══ Given material ══

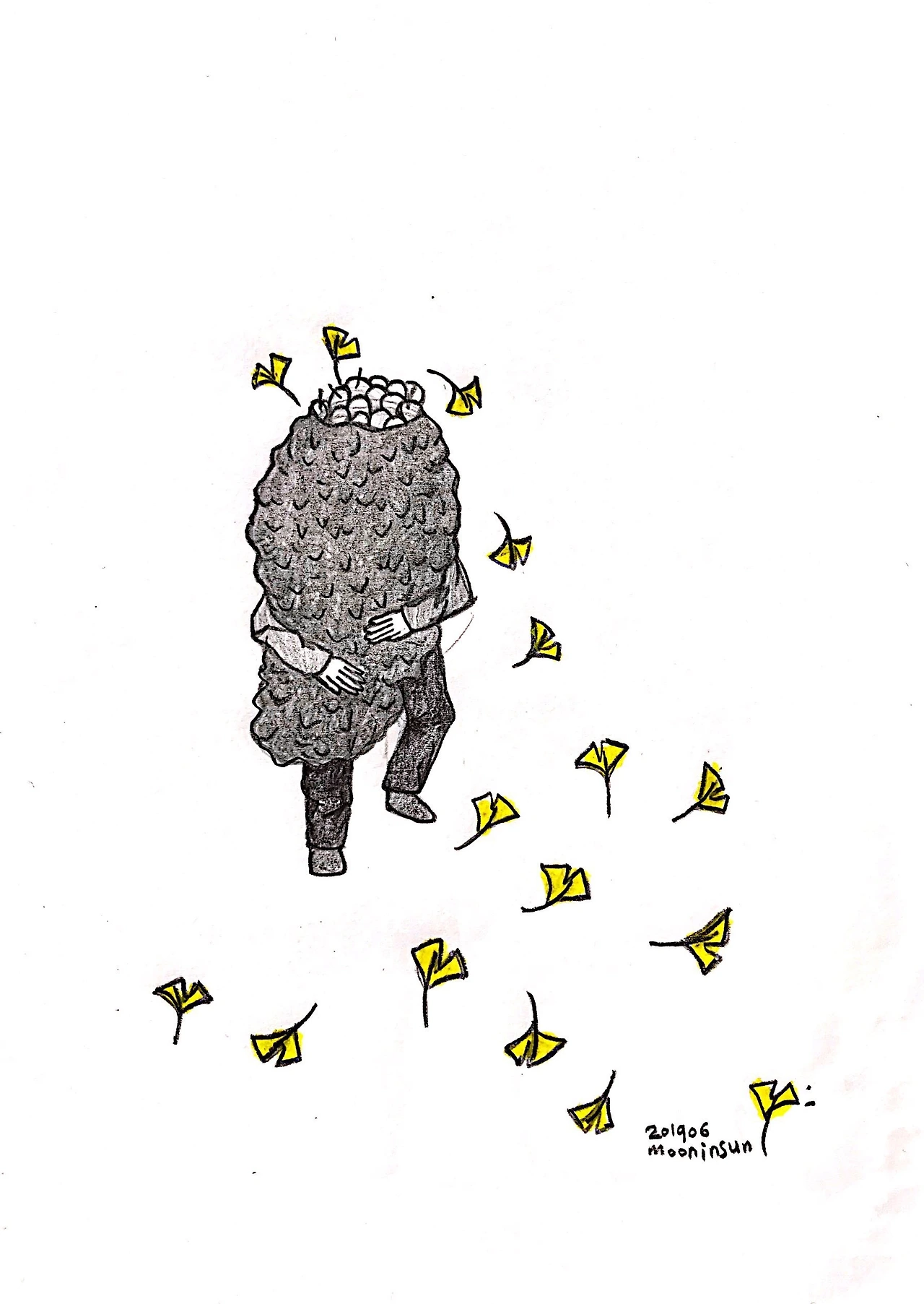 오늘은 자기 몸의 반절은 되겠는 은행을 가득 담은 주머니를 가슴 가득 안고 간다.
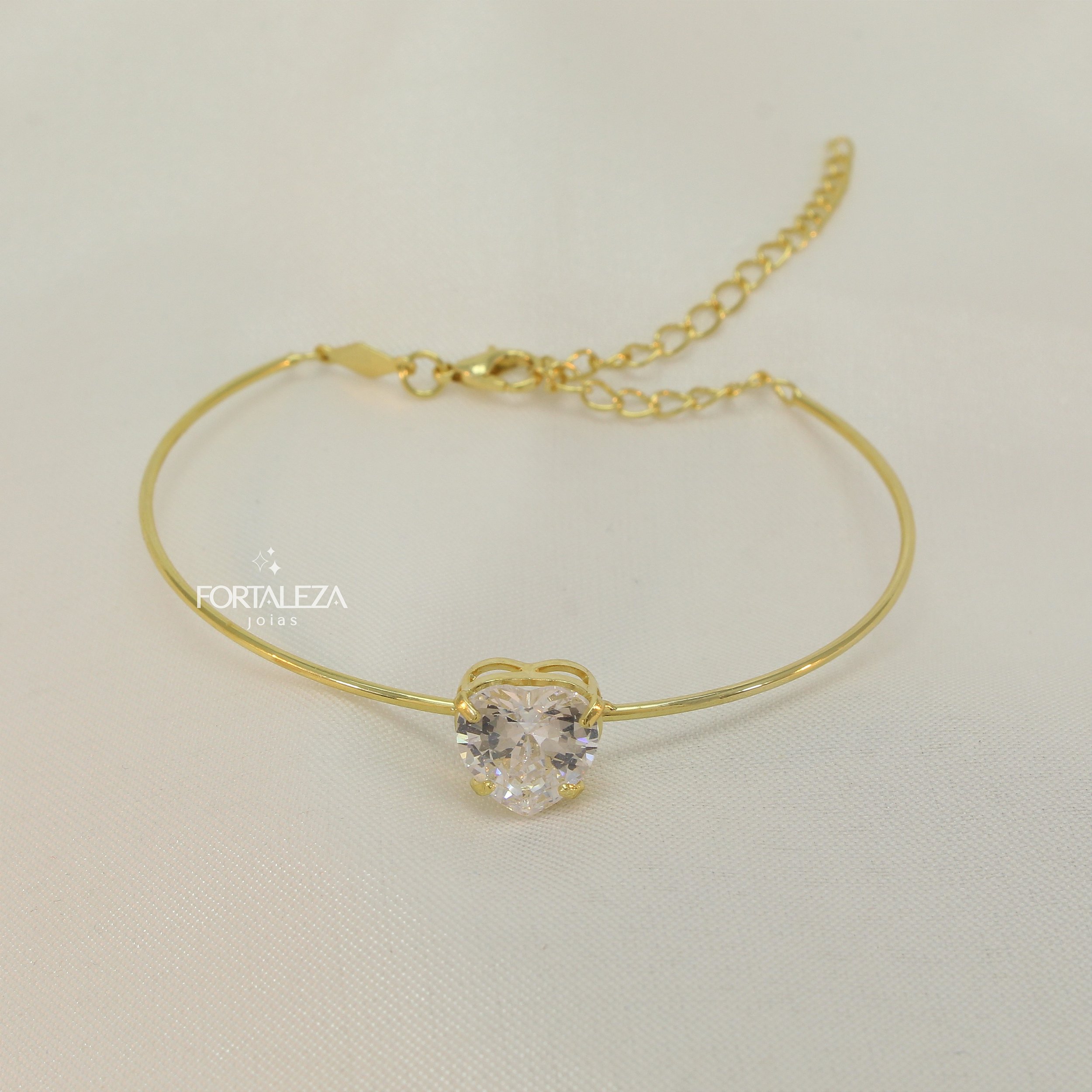Bracelete com Coração de Zircônia Cristal Banhado a Ouro 18k
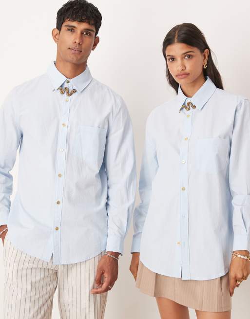 Sister Jane Unisex shirt with snake brooch in powder blue
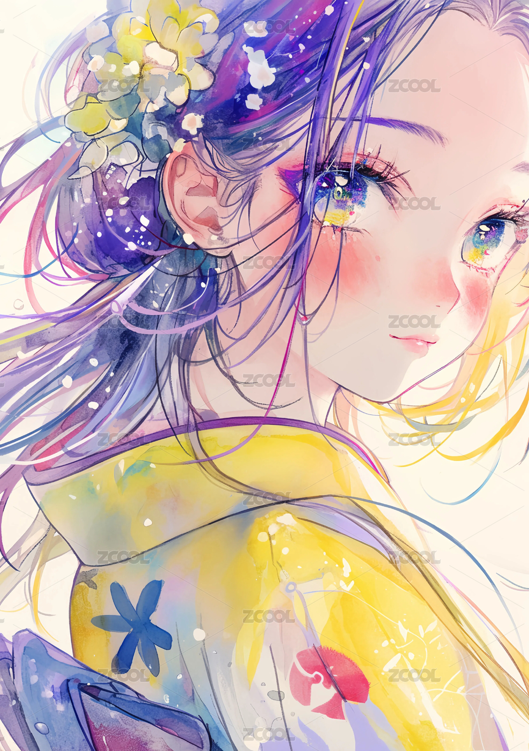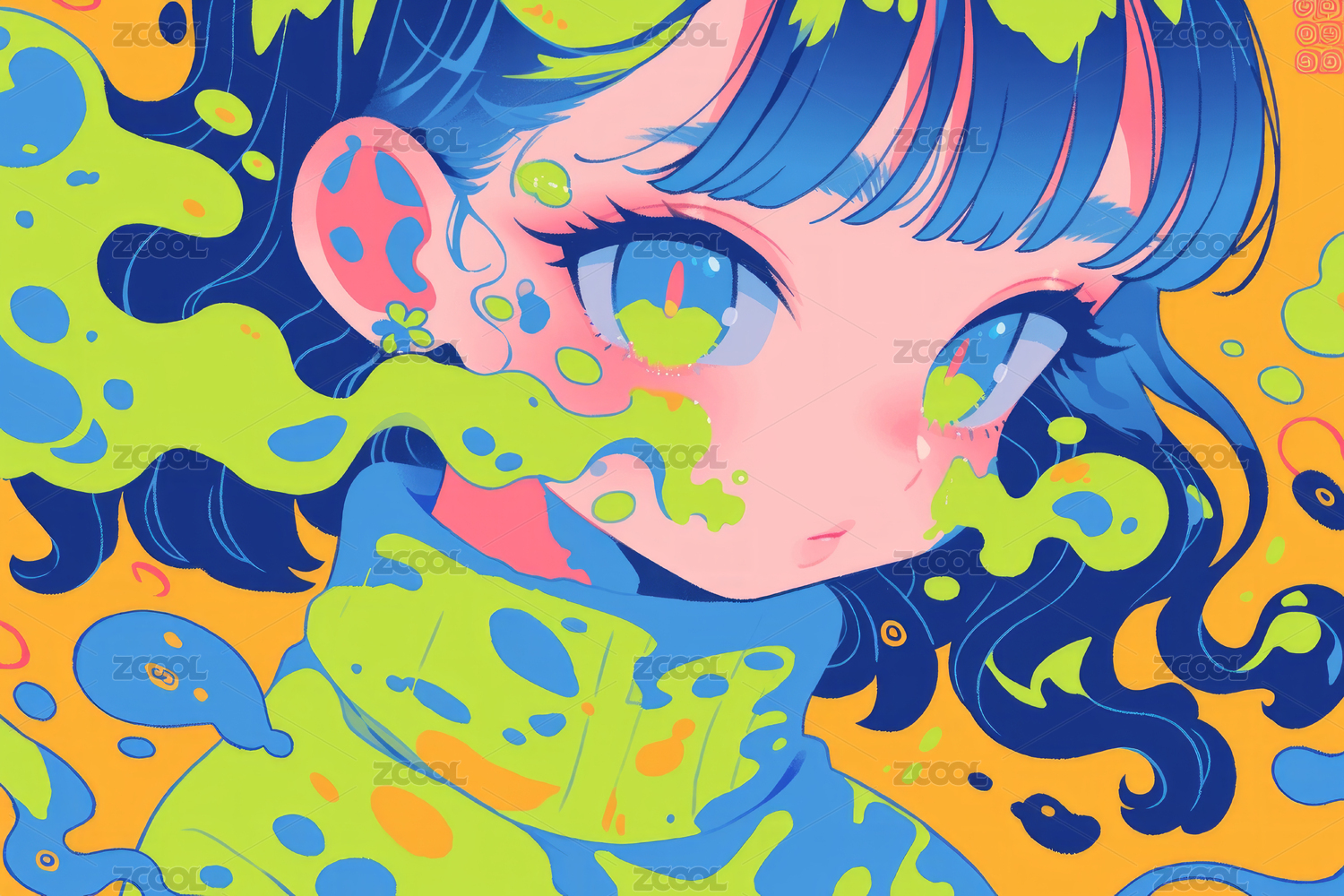 多巴胺配色多彩溅漆中的卡通人物肖像

═══

» **Directions**: If the listing above includes images, copy every line of it exactly except those images.

» **Response to this task**:
 오늘은 자기 몸의 반절은 되겠는 은행을 가득 담은 주머니를 가슴 가득 안고 간다.
Bracelete com Coração de Zircônia Cristal Banhado a Ouro 18k
 Sister Jane Unisex shirt with snake brooch in powder blue
 多巴胺配色多彩溅漆中的卡通人物肖像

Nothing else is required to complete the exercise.